9. AI isn’t gender-neutral, and that’s a serious problem
Thursday early morning, there was an interesting panel discussion about AI and gender neutrality. The discussion started off with a few good examples of the fact that most AI-driven applications developed for both professional and personal use are created and developed for males rather than females. But the discussion then took another approach and discussed a much more serious problem: as a result of the fact that in the 80’s and 90’s earliest (game) consoles and PC’s were mostly branded as ‘toys for boys’, an unproportionate amount of males started studying computer sciences. A shift towards a ‘male industry’ started to happen and is still going on. Take the example of this conference, an approximate estimate would say that 95% of visitors are male. And that causes a serious, and ethical, problem – because Artificial Intelligence is not gender-neutral. And with artificial general intelligence in foresight, that would mean that a one-sided approach to intelligence could have an enormous impact on society – while a diverse approach would be much more needed. Interesting discussion: will the future artitificial intelligence be male or neutral?
10. AutoML and Autonomous AI
Many companies, amongst which Google, are taking steps on what they call AutoML, the machine learning on machine learning. In essence, that means that it won’t be necessary to create more machine learning algorithms, but that more intelligent algorithm learns about the effect of its own predecessors and automaticallys starts to create better algorithms.

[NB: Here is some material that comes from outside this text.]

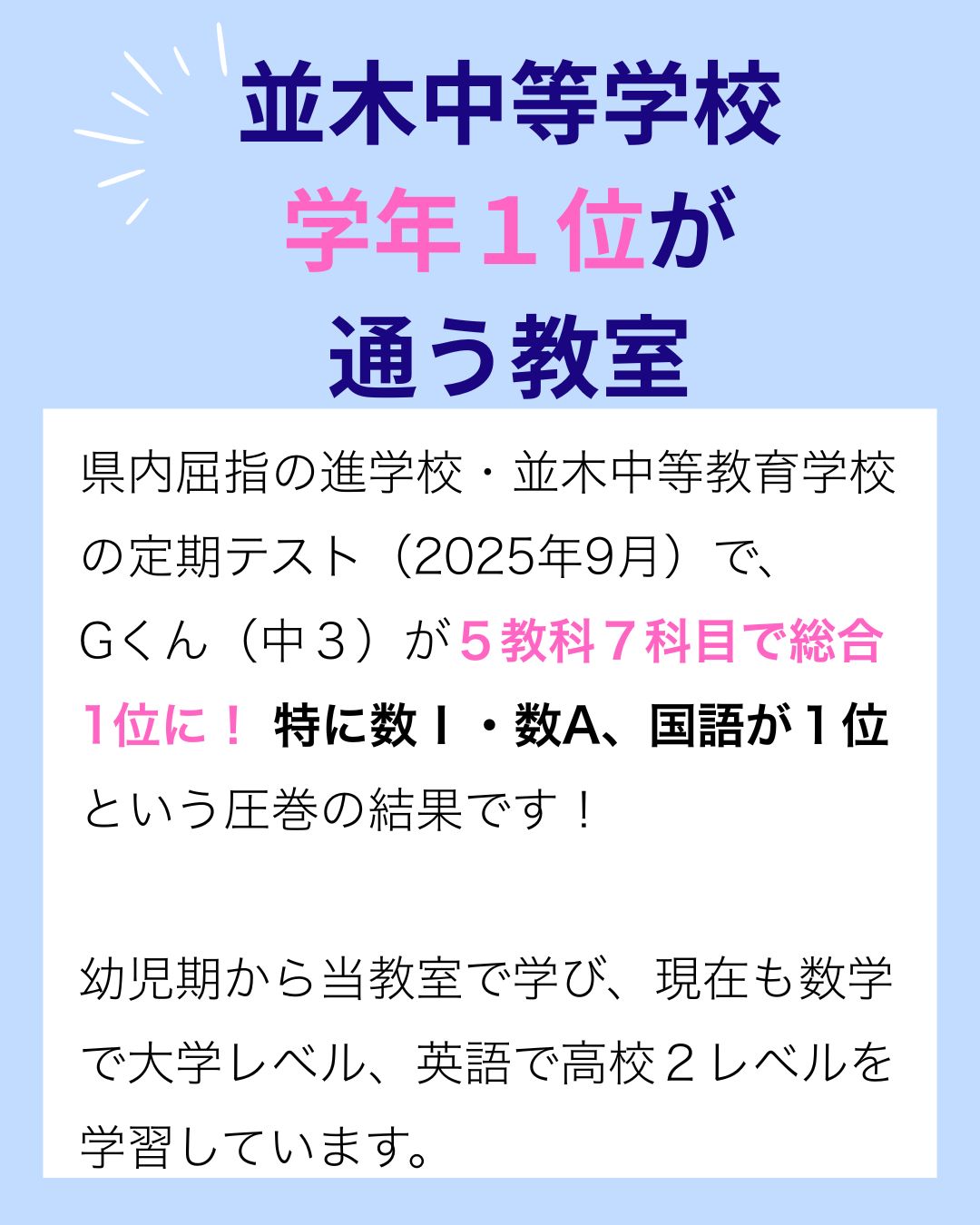 市内の各々の中学校で当教室出身の生徒さんたちが学年トップにたくさんいます。外部模試で偏差値70を超える生徒さんが続々と誕生しています。

This technique, though still far off, could be a path the artificial general intelligence.
11. When artificial general intelligence starts supervising AI: singularity
As always, there was a lot of reference to technological singularity: the moment when artificial general intelligence becomes more sophisticated than human intelligence. General consensus is that we’re still far away from singularity, but that we’re getting closer. Some advanced robots already have the function of controling or supervising other robots. Though only in its own specialization, this is a form of singularity within that specialization.

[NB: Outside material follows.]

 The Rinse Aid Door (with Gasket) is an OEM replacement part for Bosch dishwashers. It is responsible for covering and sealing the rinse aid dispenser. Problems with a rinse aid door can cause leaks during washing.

But we’re much closer to singularity than you might think: in a keynote of NASA, one of their most recent projects is creating an interstellar space station, that will take dozens of years to reach its destination. Because communication will be extremely delayed, and humans won’t survive for such a long time, the ship will contain AI-driven robots that gather research data. But the fun fact is that these robots will have to sustain on itself for a long time, they will have to find new ways of doing research based on what they find, they will have to deal with unforeseen circumstances, and so – all without human intervention. Although interstellar, this is definitely a form of singularity. If they run into extraterrestrial life, what will they do? What decisions will they make? What will we think of those decisions when we finally hear about them years after?
All in all a very inspiring and interesting conference!